Author: Armin Kratzer
Publisher: Routledge
Published: 2020-09-23
Total Pages: 241
ISBN-13: 1000175715
DOWNLOAD EBOOKThis book critically examines different forms of urban-rural links for sustainable development in different countries. As intertwined processes of globalization, digitalization, environmental challenges and the search for sustainable development continue, rural and urban areas around the world become increasingly interconnected and interdependent.

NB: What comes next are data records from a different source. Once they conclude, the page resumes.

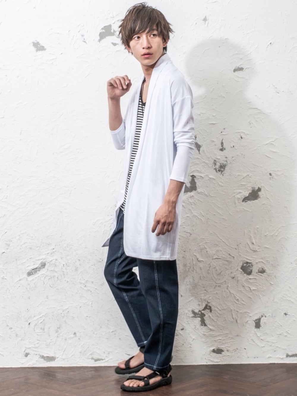 REONのカーディガン/ボレロ「【MinoriTY】ノーカラー ロングカーディガン メンズ 秋服 無地 ロング丈」を使ったコーディネート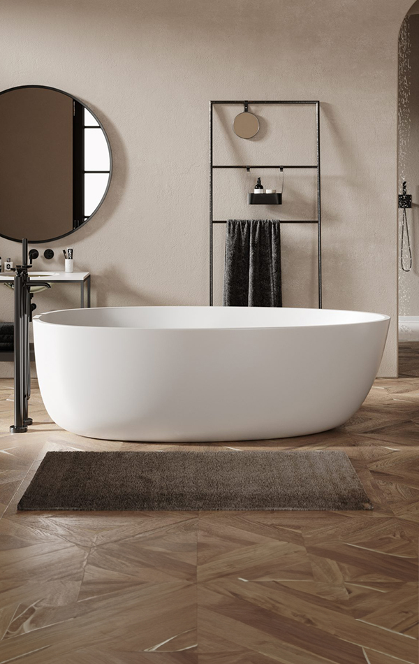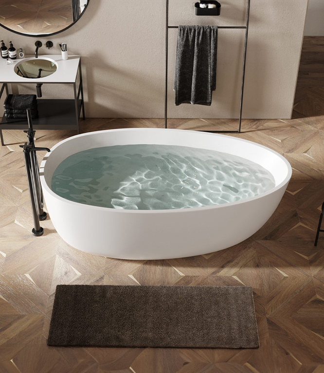 The core material is consisted of marble, resin and polymer with the use of high technology invention from Germany in the manufacturing process. These materials are produced under vacuum thereby eliminating all trapped air making them non porous and thus absorbing much less water than their natural counterpart. The result is a unique and versatile materialperfect for making luxurious bathtubs.
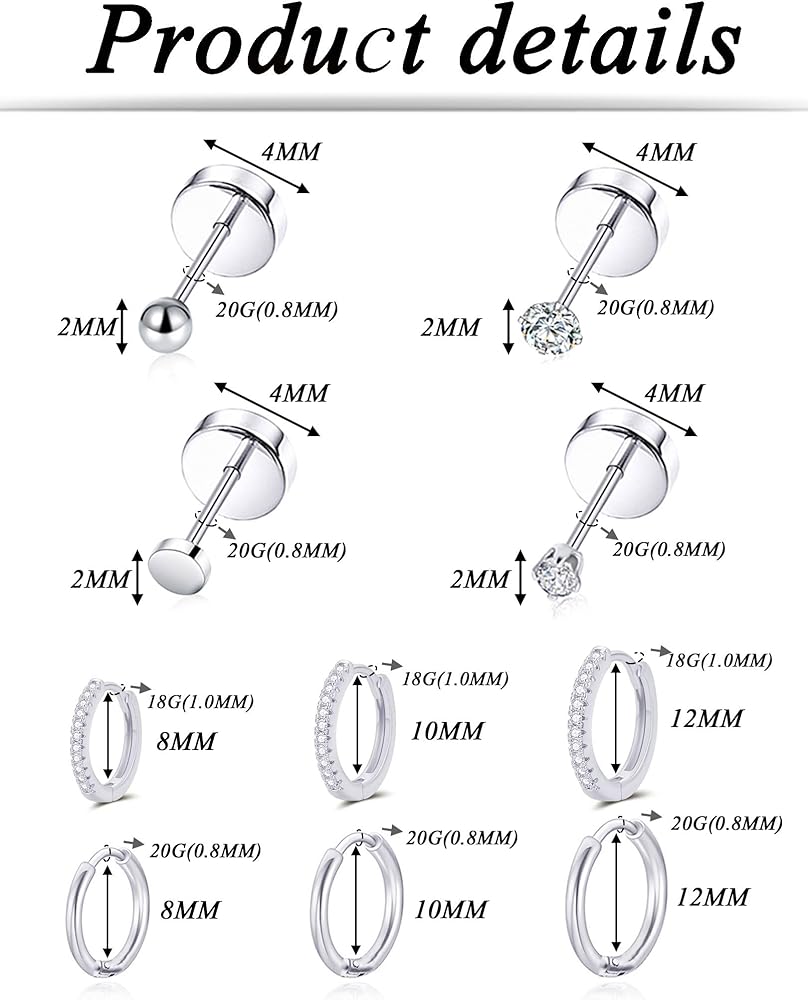 • الحجم المثالي: مقياس البريد: 20 جم (0.8 مم) - 18 جم (1.0 مم)، أقراط هوجي هوب صغيرة القطر الداخلي: 8/10/12 مم (0.3/0.39/0.47 بوصة)، قطر CZ/الكرة/النقطة: 2 مم، برغي خلفي أقراط غضروفية، سهلة الارتداء، ليس من السهل أن تسقط؛ يمكنك ارتداء الأقراط ذات الظهر المسطح بشكل مريح أثناء النوم أو العمل أو السباحة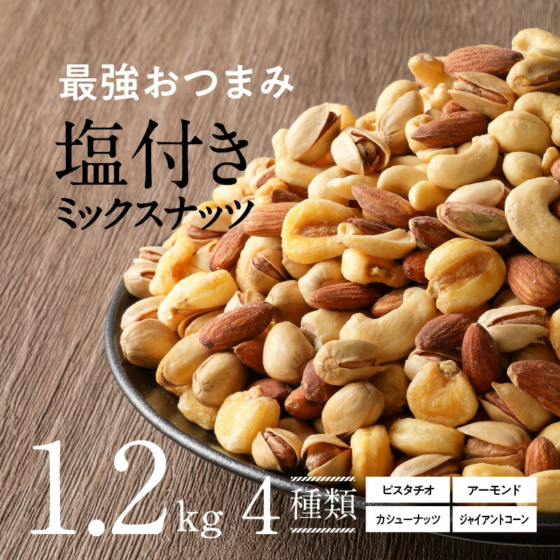 【ふるさと納税】絶妙な塩味がクセになる ミックスナッツ 1.2kg シュクレナッツ sucre nuts ナッツ ミックス おつまみ 塩付 チャック付き 保存 便利 使い勝手 アーモンド ピスタチオ カシューナッツ ジャイアントコーン おやつ 晩酌 お取り寄せ 送料無料・・・
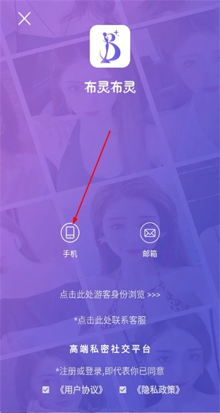 2. 在登录选择界面,你会看到布灵布灵的标识以及手机邮箱登录入口,此时请选择手机选项。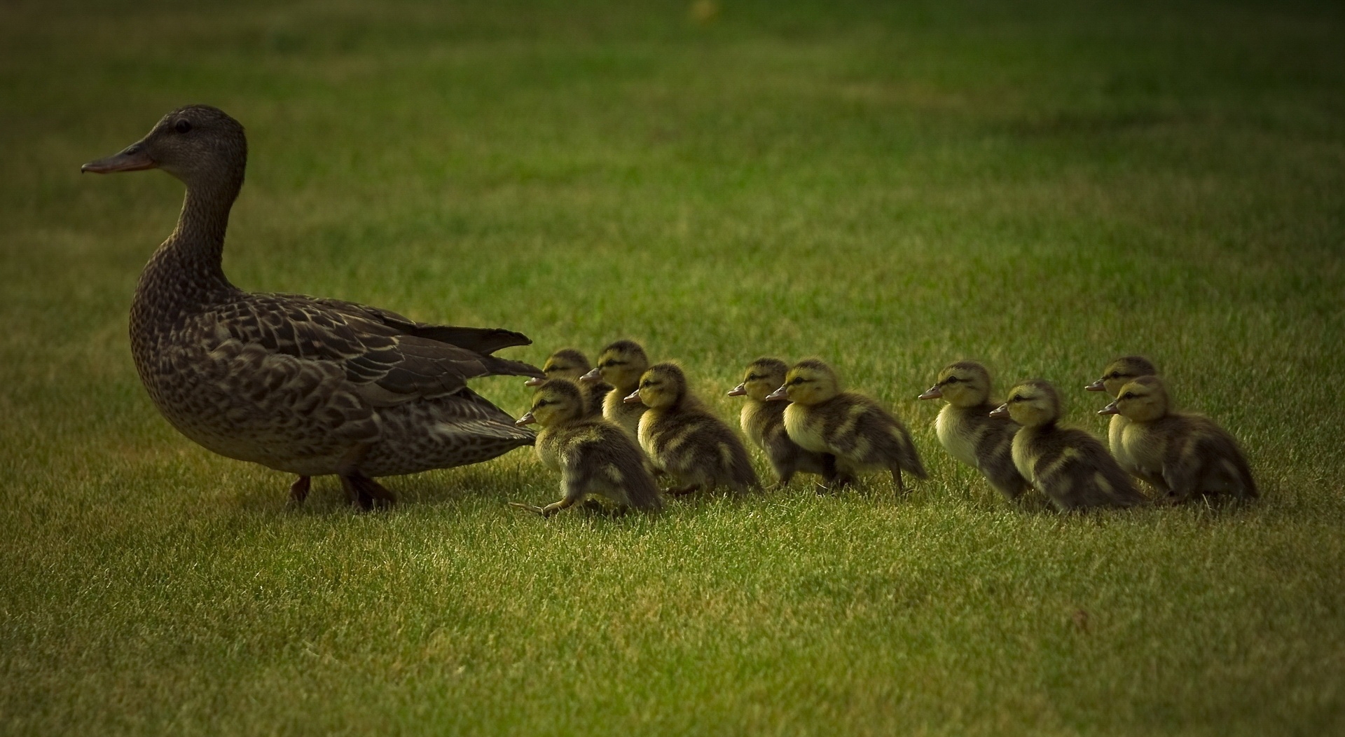 1 张 走在草地上排列整齐的鸭妈妈与带宝宝 : 922526

This book contributes to understanding the role of this growing interconnectedness from an economic geographical perspective. It does so by theoretically and empirically addressing the various existing linkages, such as food networks, value chains, and regional governance at local, regional, national and international levels. In doing so, contributions extend and contrast existing approaches dealing with urban and rural areas separately by considering the interplay between these two as well as their consequences for sustainability transition pathways. This edited volume adds to the academic and policy debate by bringing together a variety of concepts and themes in order to shift the research and policy agenda away from simple dichotomy to different notions of rural-urban linkages. Offering multidisciplinary insights into rural-urban linkages, the book will be of interest to decision-makers, practitioners and researchers in the fields of economic geography, regional planning, food studies and economics.
Author: Agnes C. Rola
Publisher: Institute of Southeast Asian Studies
Published: 2011
Total Pages: 262
ISBN-13: 9814345156
DOWNLOAD EBOOKAll over Southeast Asia, rural communities are in transition to a sustainable status. This book explores how an environmentally fragile upland community in rural Philippines coped with and responded to economic and environmental tensions brought about by a globalized economy and decentralization. This in turn gave rise to local power especially in the management of natural resources.